English comic entertainer

Rene Strange, also known as Renee Strange, was a comic entertainer known as the "singing cartoonist" and for her risqué show using marionettes, which she performed wearing black stockings. She appeared as part of variety performances, on ice, and in pantomime.

==Early life==
Rene Strange was the daughter of Leslie Strange, originally known as Wilfred St Clair, who performed comic Dickensian pieces and impersonated famous figures of his time such as Adolf Hitler and Stan Laurel.

==Career==
Strange's act included drawing caricatures while singing, for which she became known as "the singing cartoonist," and the use of marionettes to perform comic routines to which she added a risqué element by wearing black stockings that showed off her legs.

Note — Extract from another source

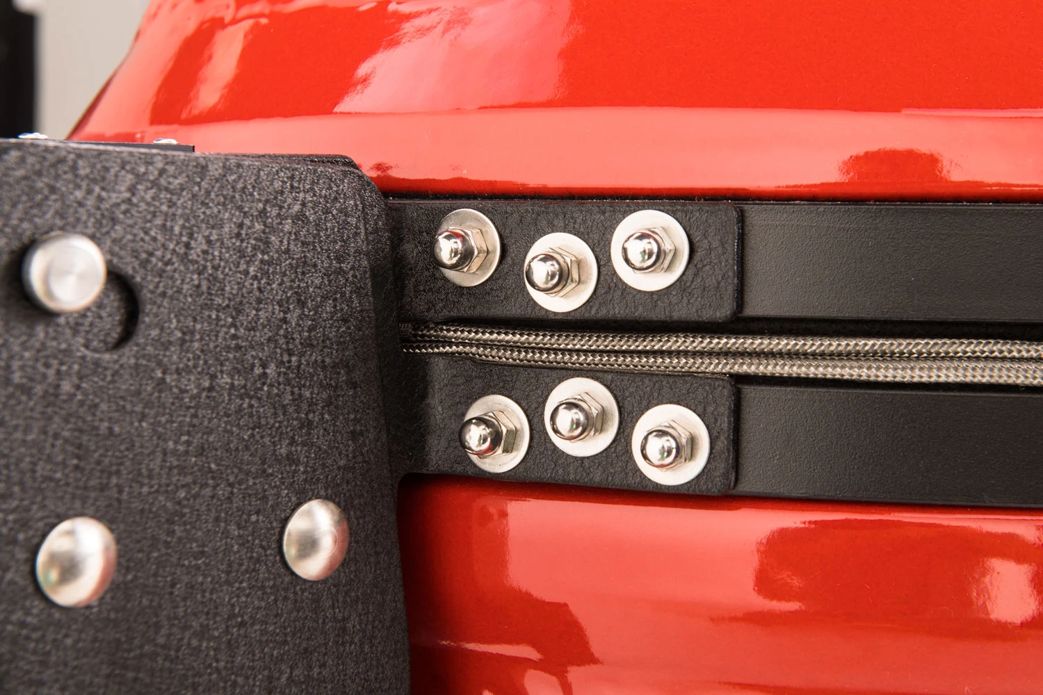Bereits beim Öffnen des Deckels merken Sie sofort den Unterschied zu anderen Keramikgrill Modellen. Anders als bei vergleichbaren Modellen werden Sie beim Öffnen des Deckels durch ein patentiertes Luftdruckscharnier unterstützt, dadurch wird die benötigte Kraft zum Bewegen des Deckels um bis zu 96% verringert.
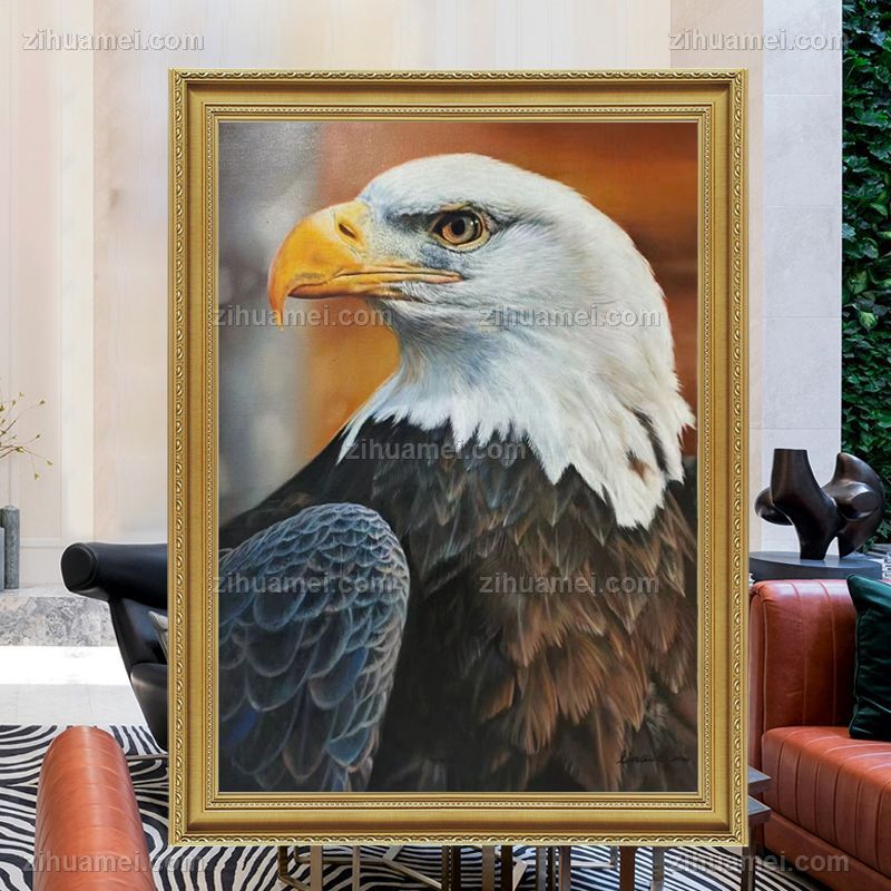 领头人动物写实油画雄鹰静物精品油画实木画框 手绘

In 1940, Strange was filmed by British Pathé drawing a caricature of Winston Churchill and singing a patriotic song. She appeared in the Royal Variety Performance in 1946. In 1951, she was filmed by British Pathé performing with puppets Annie Pride of the Rockies; Mr Bertram, an inspector of forms who inspects Rene's legs; and Samoa the Hula Hula Girl.

In 1952, she appeared with Norman Wisdom in a Val Parnell and Bernard Delfont production Paris to Piccadilly, described as a new Folies Bergère revue, at the Prince of Wales Theatre in London. The same year, she also appeared in Pulling Strings with Ann Hogarth, operator of Muffin the Mule, in a film for New Realm Pictures produced by Harold Bairn.

Strange's marionettes employed adult themes and in 1953 she commissioned Bob Pelham of Pelham Puppets to make the Opera Singer with a heaving bosom, the Drunken Singer with wobbly legs, the Choirboy who had a halo but also a catapult, the Can-Can Dancer, and a Strip-tease Artist.

In 1955, she performed with her marionettes at Liseberg amusement park in Gothenburg, Sweden, as part of a variety performance headlined by the trampoline act Paulette and Renee that also featured plate-spinners and shadowgraphs. In 1958, she starred with Benny Hill, Jack Beckitt, and Peter Vernon in a production at the Floral Theatre, Scarborough.

She was principal boy in pantomime, and appeared in ice shows and "ice pantomimes".